Barry owns the publishing company The Chicken House and is the man credited with signing JK Rowling to Bloomsbury. I had three minutes to pitch my novel to him: he bit. A few weeks later he asked to see the full manuscript, but I hadn’t finished writing it. He agreed to wait and a few weeks later off it went and great expense.

I waited.

And waited.

And phoned.

And three weeks after my call I received my manuscript and a polite rejection letter. Barry liked Pike’s Quest but thought that the word play and humour was too complex for his readership. This was both good news and bad: Barry Cunningham, discoverer of Harry Potter, liked my writing! The Chicken House publishes Young Adult (YA) material, and having written a 60,000+ YA novel I was being told that it was too complex for my target group.

In February 2010 I met Marlene Johnson, Managing Director, Hachette Children’s Books. I had five minutes to pitch to her. By this time, Pike’s Quest was not only complete but substantially revised and edited. Marlene listened intently and laughed a lot as I gave her an overview.

“How old is the hero?” she asked.


“So the book would be suitable for boys aged twelve to thirteen, then. They are aspirational, you see.
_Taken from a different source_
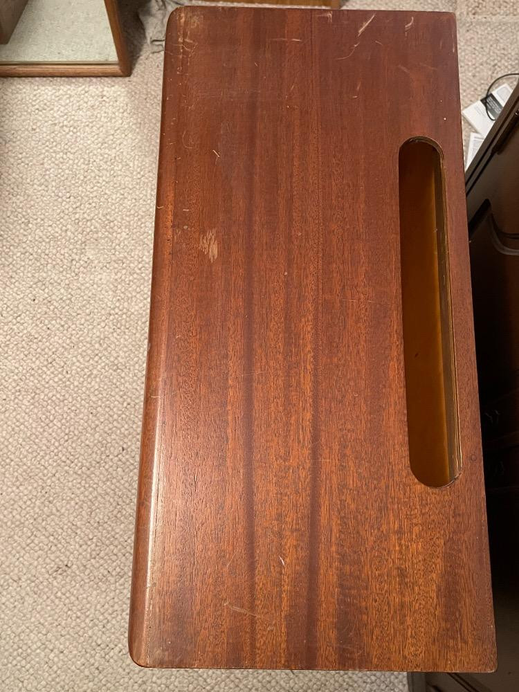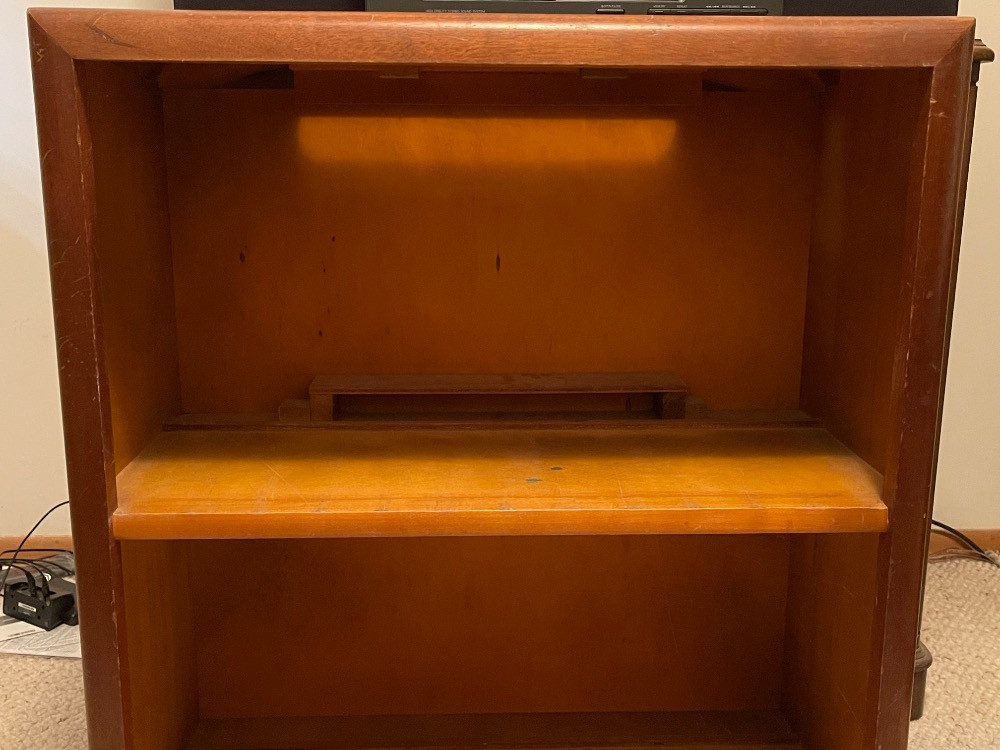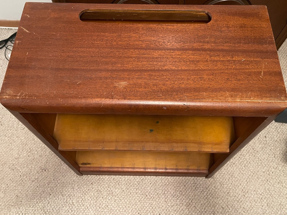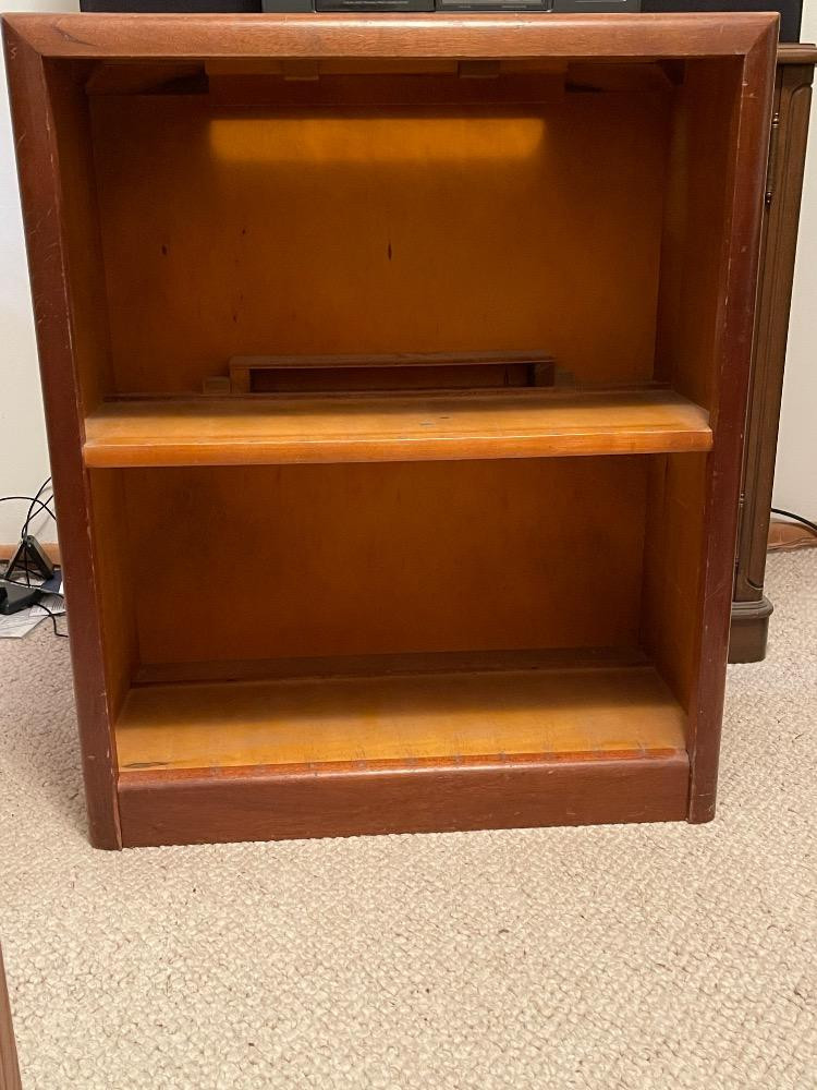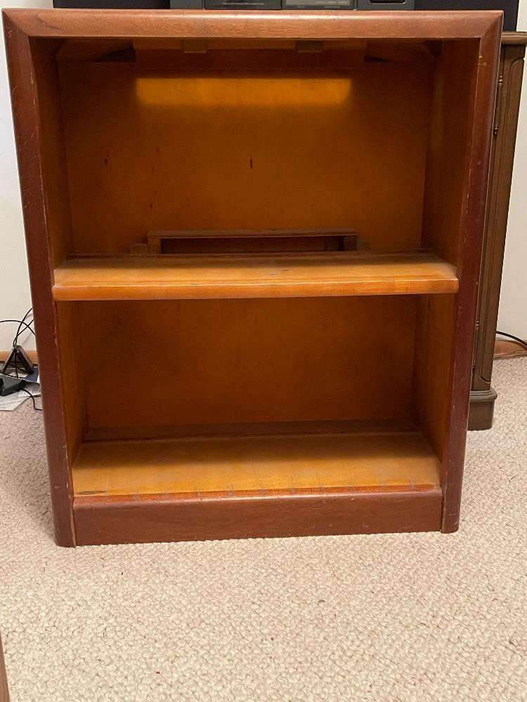 Custom Mahogany Freestanding Shelf Unit Measures 24“ x 11.75“ x 28.5“ tall.

It sounds hilarious, but you can’t sell books to thirteen-year-old boys.”

And that was that: “you can’t sell books to thirteen year-old boys”. Clearly I was doomed to obscurity.
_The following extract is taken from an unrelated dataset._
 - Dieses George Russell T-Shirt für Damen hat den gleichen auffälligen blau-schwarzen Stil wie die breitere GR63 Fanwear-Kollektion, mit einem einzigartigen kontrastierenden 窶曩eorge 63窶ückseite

The only other publisher I managed to get to read Pike’s Quest was Proxima. They were brand-spanking-new and primarily an e-publisher. The response time was very fast and Steve Haynes, the editor, had clearly read it all. Although he had some nice things to say, he just didn’t get the overall joke. What I regarded as a light-hearted adventure he regarded as having an ecological theme that may put readers off. He didn’t like the fact that two of my comedy characters had specific speech patterns – Gran speaks with a Somerset accent and is the only person in her village to do so (rather like Samwise in the LOTR films) and Lord du Well has a pronounced lisp. Anyway, it was a rejected.

Thus I continued my hunt for an agent.

I continued sending off batches of three – four chapters, a synopsis and a biography: some came back within four to six weeks, some took longer. One took nearly a year and had only a scruffily hand-written note saying, “Not this time” (Mic Cheetham agency, be very ashamed). That was unusual though, as most had quite positive comments but firm a ‘no’ attached.

I began to wonder if these agents were reading the same material that I had submitted: the material that I had written, finely honed and read out to others, and which had them in fits of laughter.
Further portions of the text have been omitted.